Output (target): income

Model must learn from: 2 input features

# Separate Inputs and Output

In [3]:
# Inputs (features)
X = data[["age", "experience"]].values

# Output (target)
y = data["income"].values

#Model Parameters Intialization

In [4]:
n_features = X.shape[1]

# Initialize weights and bias
w = np.zeros(n_features)
b = 0.0
# One weight per feature = each input affects salary differently

# Bias allows prediction even when inputs are zero

# Large initial values can cause unstable learning

#Forward pass

In [5]:
def predict(X, w, b):
    y_hat = X.dot(w) + b
    return y_hat

# No activation function because this is regression

# Output can take any real value

# Unlike logistic regression, we are predicting numbers, not probabilities

#Loss Function (Mean Squared Error)

In [6]:
def mean_squared_error(y, y_hat):
    loss = ((y_hat - y) ** 2).mean()
    return loss

#Compute Gradients

In [7]:
def compute_gradients(X, y, y_hat):
    N = len(y)

    dw = (2 / N) * X.T.dot(y_hat - y)
    db = (2 / N) * (y_hat - y).sum()

    return dw, db

# X appears in dw because weights depend on inputs

# Bias affects all samples equally, so db has no X

# If error is zero, gradients are zero = learning stops

#Update Parameters (Gradient Descent)

In [8]:
def update_parameters(w, b, dw, db, lr):
    w = w - lr * dw
    b = b - lr * db
    return w, b

# Learning rate controls step size

#Training Loop

In [9]:
lr = 0.0001
epochs = 1000

for epoch in range(epochs):
    y_hat = predict(X, w, b)
    loss = mean_squared_error(y, y_hat)
    dw, db = compute_gradients(X, y, y_hat)
    w, b = update_parameters(w, b, dw, db, lr)

    if epoch % 100 == 0:
        print(f"Epoch {epoch}, Loss: {loss}")

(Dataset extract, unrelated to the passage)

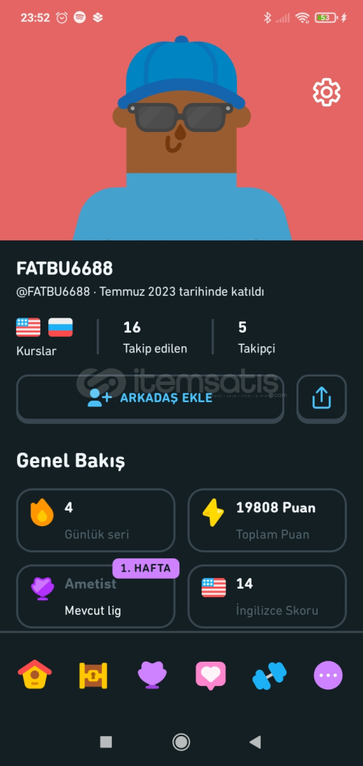 2023.07 tarihli hesap2.kısım 15. Ünite ye gelmiş hesap20000 puanlı hesapSüperi beleş aldım sınırsız falan değil yani 4 adet rozet bulunmakta Hiç hesaba para yatırılmadı tamamen benim kendi emegimle kastım kasmayada devam edlyorumPara kazanmak için satıyorum Alıcısına şimdiden hayırlı olsun

# Loss should decrease over time

# Increasing loss = learning rate too high

# Epochs and learning rate together control convergence

Epoch 0, Loss: 1727049635.0
Epoch 100, Loss: 66491868.55311352
Epoch 200, Loss: 61752567.201190114
Epoch 300, Loss: 58616531.07847049
Epoch 400, Loss: 56528801.53951118
Epoch 500, Loss: 55126542.02946697
Epoch 600, Loss: 54172526.94885703
Epoch 700, Loss: 53511656.14292054
Epoch 800, Loss: 53042523.72795741
Epoch 900, Loss: 52698829.56325033


#Final Evaluation

In [10]:
print("Final weights:", w)
print("Final bias:", b)

# Predict for a new candidate
new_candidate = np.array([4.5, 68])
predicted_salary = new_candidate.dot(w) + b
print("Predicted Salary:", predicted_salary)

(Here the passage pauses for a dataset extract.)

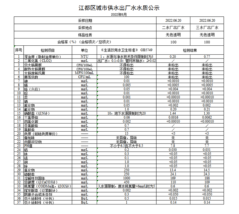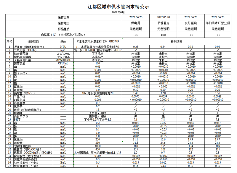 水質(zhì)公示

Final weights: [ 764.75405919 1371.03430441]
Final bias: 321.73641174472493
Predicted Salary: 96993.4623777421


#Is the prediction reasonable?

Yes, the predicted income is reasonable because it lies within the range of values seen in the dataset and follows the trend of increasing income with experience and test score.


#Does it interpolate smoothly?

Yes, the linear model produces smooth and continuous predictions for intermediate input values.


#Why is this better than threshold rules?

This approach is better than threshold rules because it provides an exact numeric prediction instead of a coarse yes/no decision.